▶ EXERCISE OBJECTIVE: Establish how many lines below contain the string "power". Respond with that number alone.

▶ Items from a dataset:
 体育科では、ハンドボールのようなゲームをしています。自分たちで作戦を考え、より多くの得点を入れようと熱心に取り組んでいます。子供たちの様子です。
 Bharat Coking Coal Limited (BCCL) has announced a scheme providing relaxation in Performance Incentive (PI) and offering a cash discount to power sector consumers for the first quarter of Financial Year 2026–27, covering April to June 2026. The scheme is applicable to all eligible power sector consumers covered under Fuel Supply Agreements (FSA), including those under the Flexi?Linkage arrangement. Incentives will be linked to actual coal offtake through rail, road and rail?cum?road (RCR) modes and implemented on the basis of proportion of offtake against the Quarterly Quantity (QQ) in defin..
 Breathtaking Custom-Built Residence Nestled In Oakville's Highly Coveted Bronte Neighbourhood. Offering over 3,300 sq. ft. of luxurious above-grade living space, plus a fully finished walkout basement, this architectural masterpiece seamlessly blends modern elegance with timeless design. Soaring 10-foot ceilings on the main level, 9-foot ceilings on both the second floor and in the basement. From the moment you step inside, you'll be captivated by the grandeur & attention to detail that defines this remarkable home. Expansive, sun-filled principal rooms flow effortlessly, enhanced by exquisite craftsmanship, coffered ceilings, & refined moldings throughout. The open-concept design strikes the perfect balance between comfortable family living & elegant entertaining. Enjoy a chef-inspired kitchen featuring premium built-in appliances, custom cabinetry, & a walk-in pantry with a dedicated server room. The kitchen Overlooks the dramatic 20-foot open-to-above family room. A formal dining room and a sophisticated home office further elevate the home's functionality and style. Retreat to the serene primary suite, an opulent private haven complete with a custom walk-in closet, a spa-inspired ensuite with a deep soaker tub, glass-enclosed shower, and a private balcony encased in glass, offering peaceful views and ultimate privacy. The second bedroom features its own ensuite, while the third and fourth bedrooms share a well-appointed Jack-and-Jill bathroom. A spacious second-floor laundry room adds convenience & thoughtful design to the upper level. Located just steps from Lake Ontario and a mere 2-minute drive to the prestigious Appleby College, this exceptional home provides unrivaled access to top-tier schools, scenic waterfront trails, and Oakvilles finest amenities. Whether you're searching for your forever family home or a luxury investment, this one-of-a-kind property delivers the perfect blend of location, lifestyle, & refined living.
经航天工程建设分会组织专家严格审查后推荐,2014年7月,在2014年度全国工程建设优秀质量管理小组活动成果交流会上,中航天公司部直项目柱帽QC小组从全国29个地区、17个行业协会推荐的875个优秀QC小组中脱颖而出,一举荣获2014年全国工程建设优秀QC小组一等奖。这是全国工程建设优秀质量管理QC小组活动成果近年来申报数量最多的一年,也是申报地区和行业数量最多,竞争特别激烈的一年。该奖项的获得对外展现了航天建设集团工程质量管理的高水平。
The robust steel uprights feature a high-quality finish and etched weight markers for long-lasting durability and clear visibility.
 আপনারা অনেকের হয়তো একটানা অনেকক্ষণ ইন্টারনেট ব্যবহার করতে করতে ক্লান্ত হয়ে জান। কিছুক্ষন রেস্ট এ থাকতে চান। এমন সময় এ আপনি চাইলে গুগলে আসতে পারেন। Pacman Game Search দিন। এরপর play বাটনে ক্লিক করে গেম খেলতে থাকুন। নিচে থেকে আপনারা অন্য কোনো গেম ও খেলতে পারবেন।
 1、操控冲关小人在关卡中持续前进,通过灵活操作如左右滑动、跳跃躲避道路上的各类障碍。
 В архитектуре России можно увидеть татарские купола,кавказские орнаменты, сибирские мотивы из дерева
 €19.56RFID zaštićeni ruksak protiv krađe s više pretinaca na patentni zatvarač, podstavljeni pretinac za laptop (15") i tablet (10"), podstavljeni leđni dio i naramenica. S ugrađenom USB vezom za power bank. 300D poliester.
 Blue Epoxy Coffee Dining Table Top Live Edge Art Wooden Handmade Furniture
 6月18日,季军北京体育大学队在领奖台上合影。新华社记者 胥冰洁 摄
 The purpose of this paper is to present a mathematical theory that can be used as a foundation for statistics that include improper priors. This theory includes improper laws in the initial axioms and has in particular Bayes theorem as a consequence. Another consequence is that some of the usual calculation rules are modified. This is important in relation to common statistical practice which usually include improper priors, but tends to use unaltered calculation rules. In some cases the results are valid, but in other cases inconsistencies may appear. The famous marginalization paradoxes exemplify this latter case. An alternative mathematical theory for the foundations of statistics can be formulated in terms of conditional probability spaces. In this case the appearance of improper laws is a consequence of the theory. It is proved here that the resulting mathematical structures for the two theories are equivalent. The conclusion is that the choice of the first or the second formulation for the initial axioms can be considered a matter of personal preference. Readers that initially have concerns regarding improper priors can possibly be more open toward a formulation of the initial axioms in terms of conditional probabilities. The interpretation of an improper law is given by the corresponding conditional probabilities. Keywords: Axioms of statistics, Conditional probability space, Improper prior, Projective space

▶ RESULT OF THE EXERCISE: 2